AI in Science
Exploring the possibilities of AI-driven discovery
Why AI in Science?
Scientific discovery is entering a new phase. AI systems are beginning to generate hypotheses, design experiments, and, in some cases, execute them. Over time, this could compress decades of progress into years. Realising that potential depends on more than access to models. It requires new infrastructure, new funding mechanisms, and new ways of organising research. Without these, AI risks being applied incrementally rather than transforming how science is done.
ARIA’s role is to help create the conditions where this transformation can happen and to apply it to the hardest scientific problems.
Leadership
Ant Rowstron joined ARIA as Chief Technology Officer, with a remit spanning the agency’s technical direction. It quickly became clear that a new opportunity was emerging: advances in AI were beginning to have a direct and profound impact on how science could be conducted. Rather than sitting alongside ARIA’s work, this shift cut across all of it, affecting how programmes are designed, how research is executed, and how quickly discovery can happen.

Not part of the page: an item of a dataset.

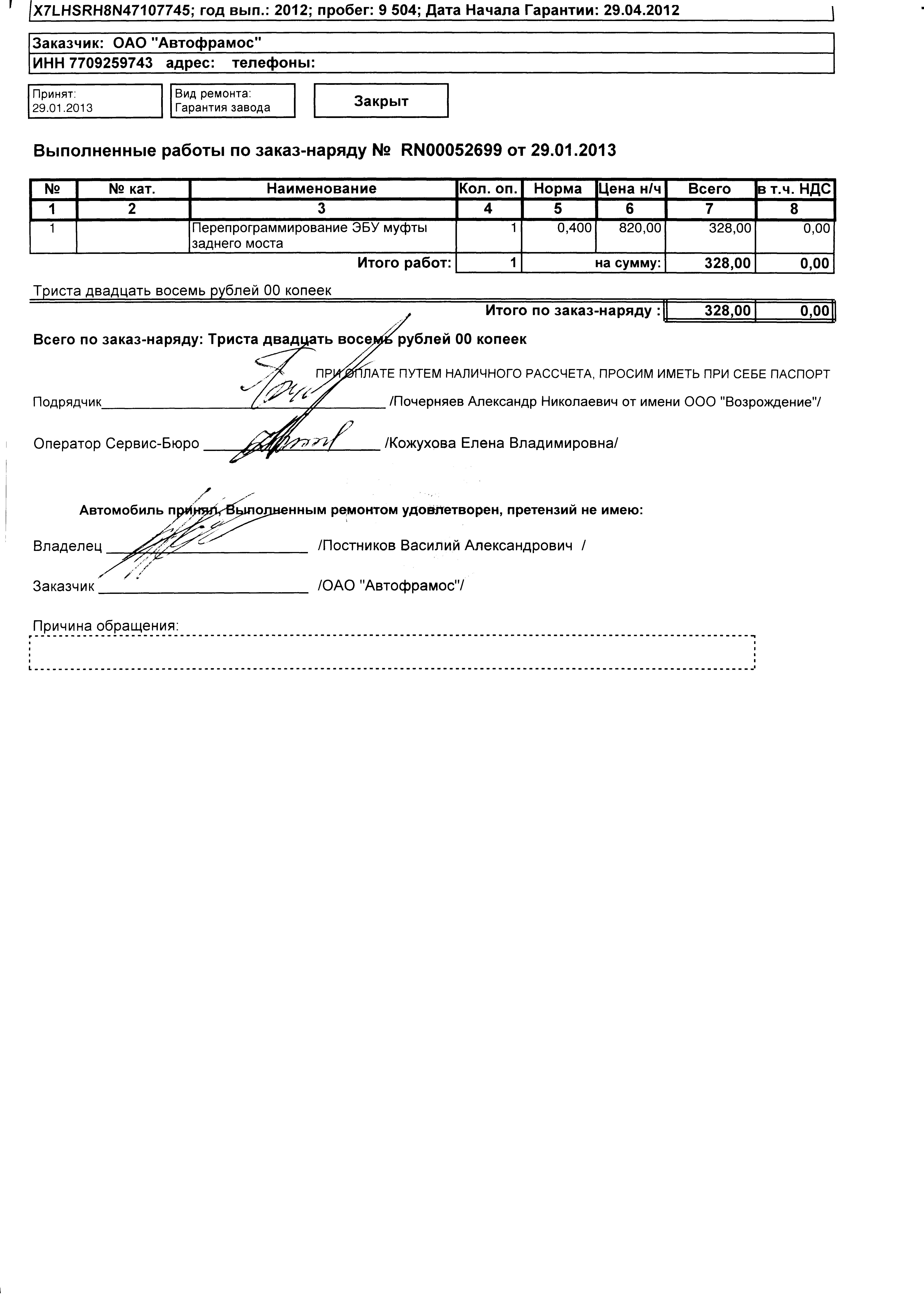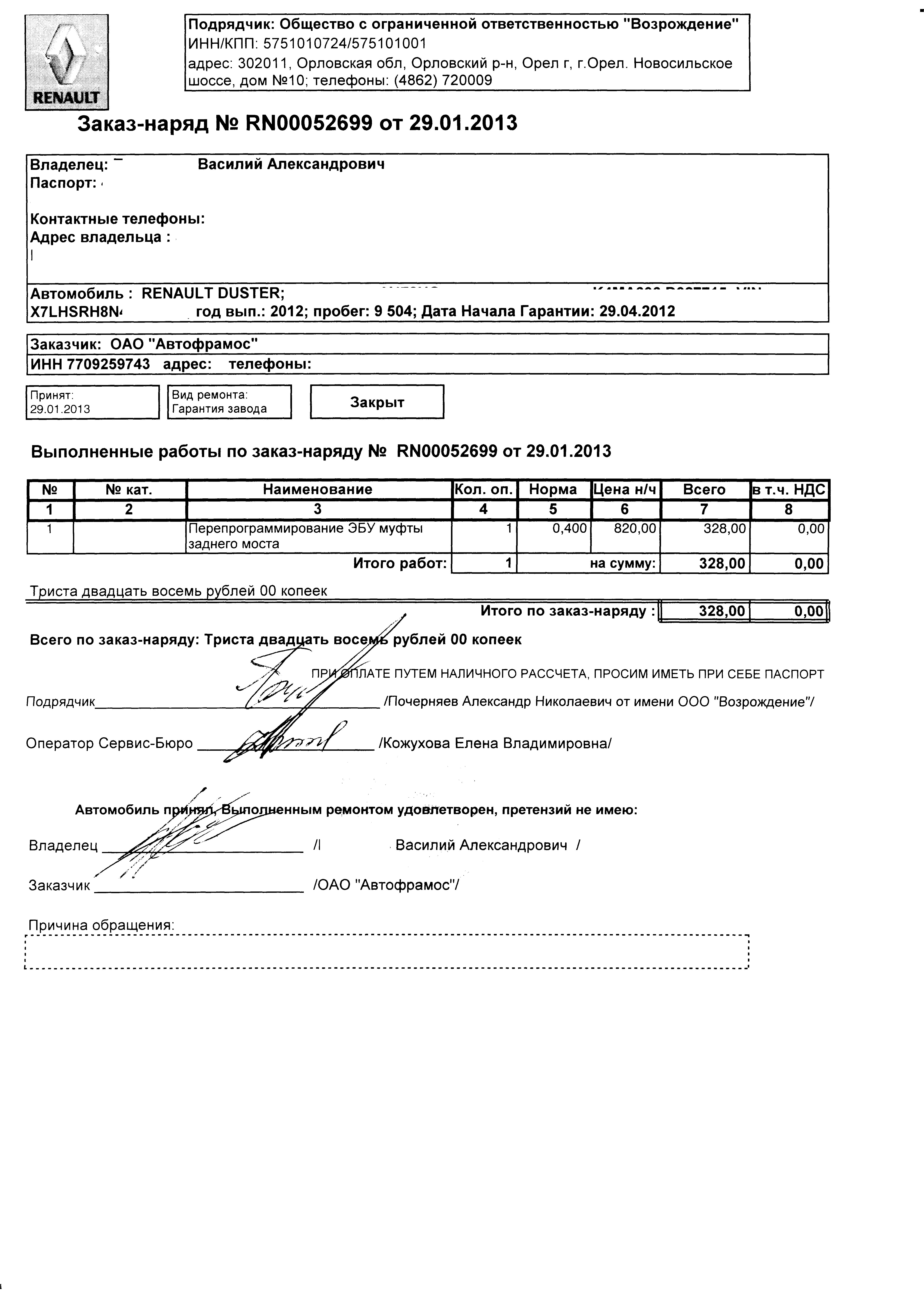 Сегодня утром ездил в РТДС на Обручева - прошивал муфту. Приехал на 10 минут раньше и к означенному времени уже машину сдал и курил бамбук. Рассчитывал уложиться от силы в час, но не вышло Отдали машину через 2.5 часа Хотя что и как именно они делали я не знаю, но по заказ-наряду всего 0.8 нормо-часа. В книжке никаких печатей и отметок не делали. Только вот такая бумажка осталась. Ждем выходных, снега и сугробов для проверки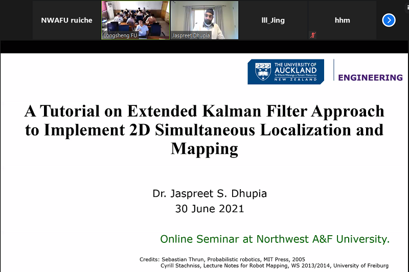 6月30日上午,新西兰奥克兰大学Jaspreet Dhupia博士在线上为师生做了题为“A Tutorial on Extended Kalman Filter Approach to Implement Simultaneous Localization and Mapping (SLAM)”的学术报告。来自不同公司近60多名师生参加此次线上会议。365英国上市官方网站傅隆生博士主持此次报告会。

In response, this work evolved into a dedicated role. In 2026, Antony moved into the role of Chief AI Scientist Officer to lead ARIA’s strategy on AI in Science. His focus is to push the frontier of AI for discovery, while enabling ARIA’s Programme Directors and Creators to move faster using emerging AI capabilities. This includes both applying today’s most advanced systems and exploring what comes next.

"AI Scientists could have enormous potential. By understanding how these systems tackle complex problems, we can learn what’s needed to evolve them from promising prototypes into genuine engines of discovery."
Ant Rowstron
Chief AI Scientist
Our approach
We are taking an intentionally experimental approach, organising our work around three interconnected pillars: Capital, Capabilities, and Communities.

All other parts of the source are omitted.